Optimism that China has passed its moment of “peak coal” may have been premature, according to a report late last month in the New York Times.
For a while, it seemed the world’s biggest burner of coal was shaking the habit. Some analysts even predicted earlier this year that the country had successfully “decoupled” its economy from coal-fired electrical demand, after cutting production by 15.5% below 2015 levels.
But a recent change of course “shows how hard it will be to wean the country off coal,” the Times reports. “A lack of stockpiles and worries about electricity blackouts are spurring Chinese officials to reverse curbs that once helped reduce coal production. Mines are reopening. Miners are being lured back with fatter paycheques.”
Despite record investments in solar and wind generation, China still relies on coal for nearly three-quarters of its electricity, the paper reports, producing “more emissions than all the oil, coal, and gas consumed in the United States.”
Earlier this year, China took several steps to curb its coal use, including a moratorium on new coal-fired power plants. The nation “began closing smaller, privately-owned mines, cutting production while clamping down on some of the places that have made Chinese coal mining so dangerous,” the Times writes. “Just last summer, economic planners told mines they were not allowed to operate more than 276 days a year.” The International Energy Agency joined the Institute for Energy Economics and Financial Analysis in judging that Chinese coal use had peaked in 2013, and would now decline.

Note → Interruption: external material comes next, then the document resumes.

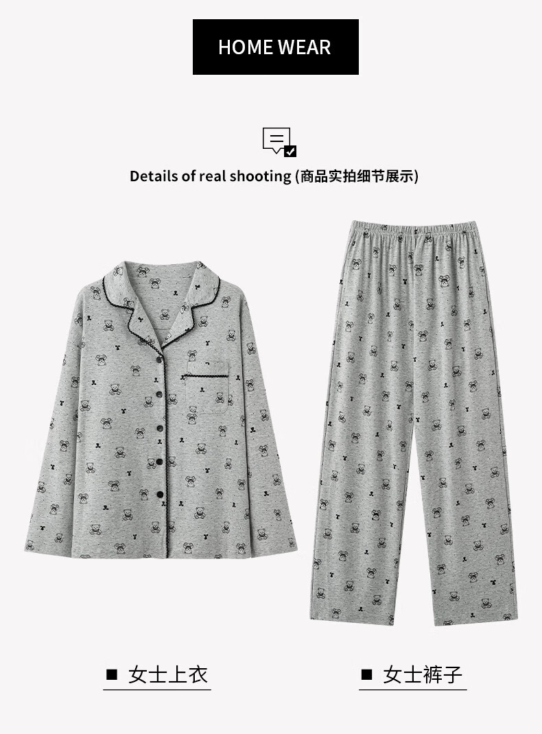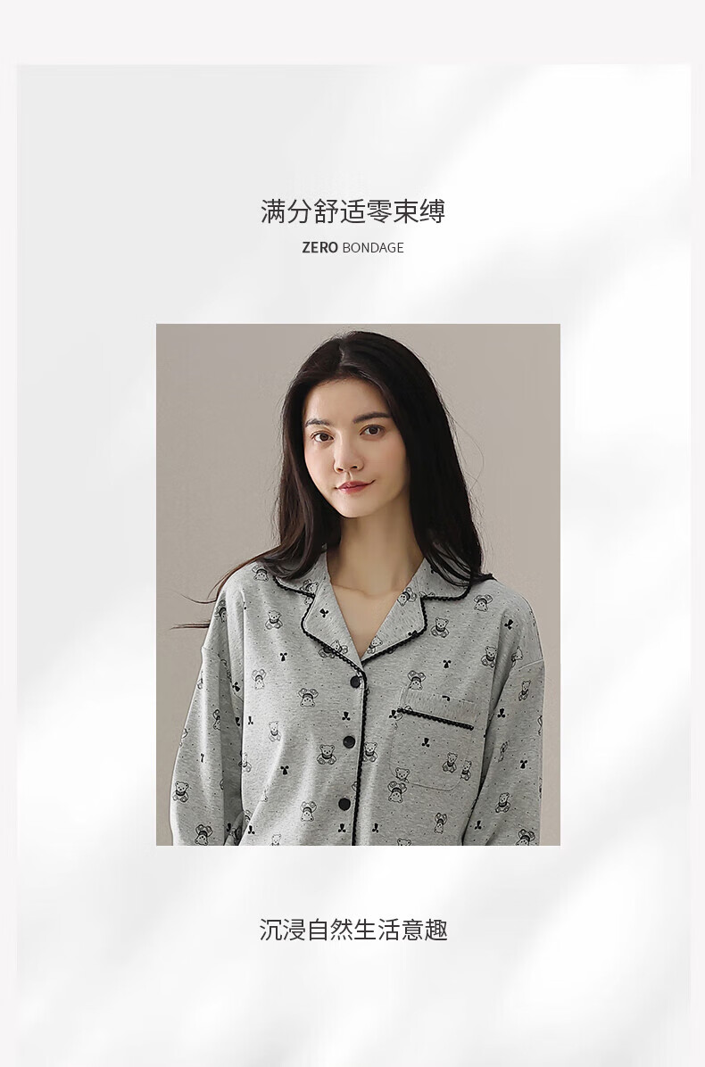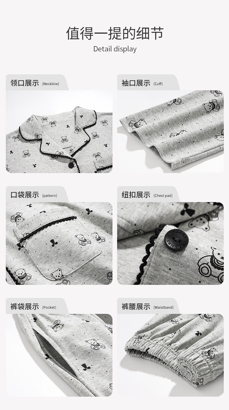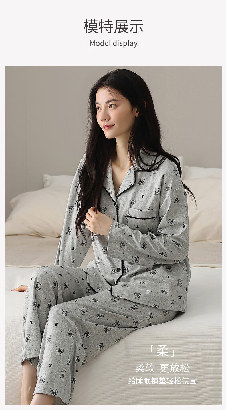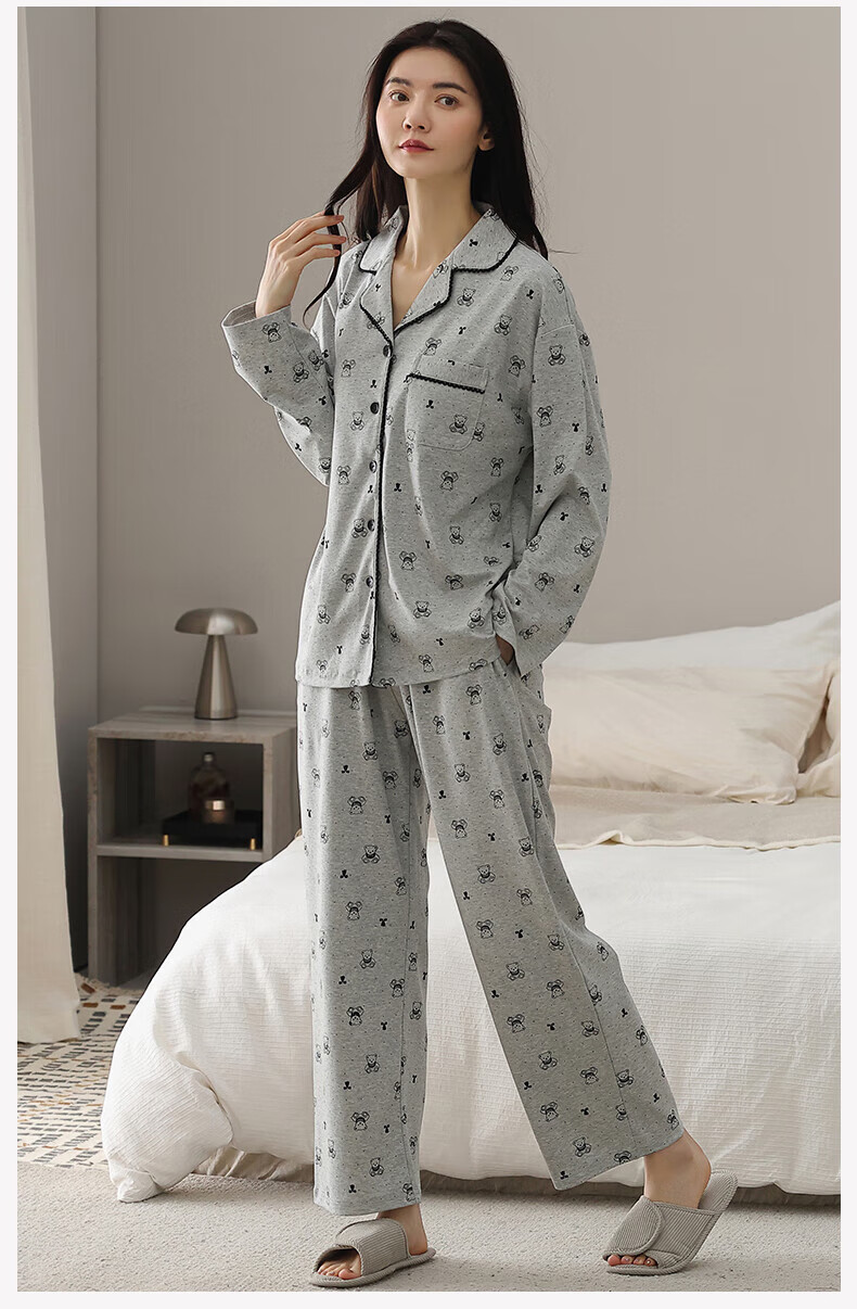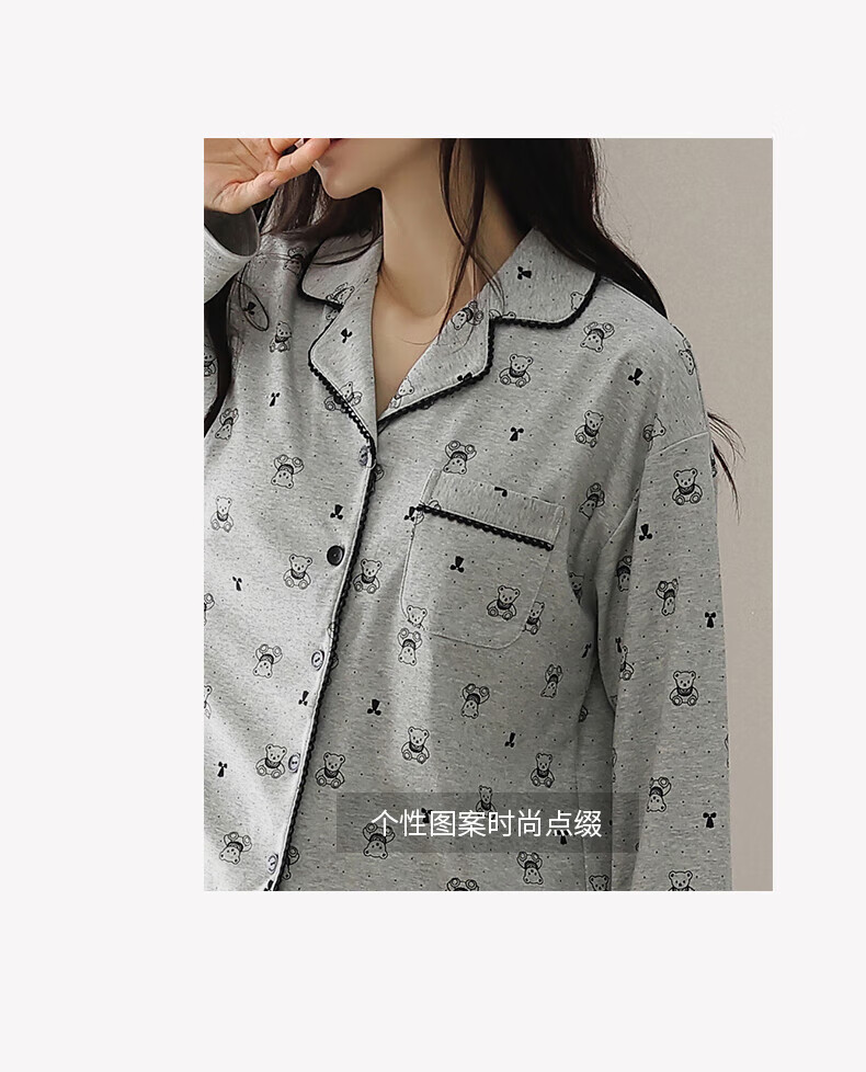 芬腾睡衣女纯棉2025秋新款亲肤柔软翻领翻领卡通宽松家居服套装 灰色 L

But after speculators drove up the price of coal, “an unusually hot summer and early autumn added to power demand,” while a loosening of credit for homebuyers “produced strong demand for electricity from the steel and cement industries.” In response, China has “encouraged state-owned mines to sign long-term contracts at low prices with power stations [and] raised the number of days that mines could operate to 330 days per year.”
“I get a kick out of people in the West who think China is decarbonizing,” Brock Silvers, a Shanghai banker and former coal company director, told the Times. “I see no sign of it whatsoever.”
Johannes Trüby, a senior coal and power analyst at the International Energy Agency, continued to insist that “long-term trends in the Chinese economy meant that China’s coal use would decline overall,” the Times reports. But Trüby now concedes that “we cannot exclude the possibility of a transient spike in coal demand in the next couple years that might take demand above 2013.”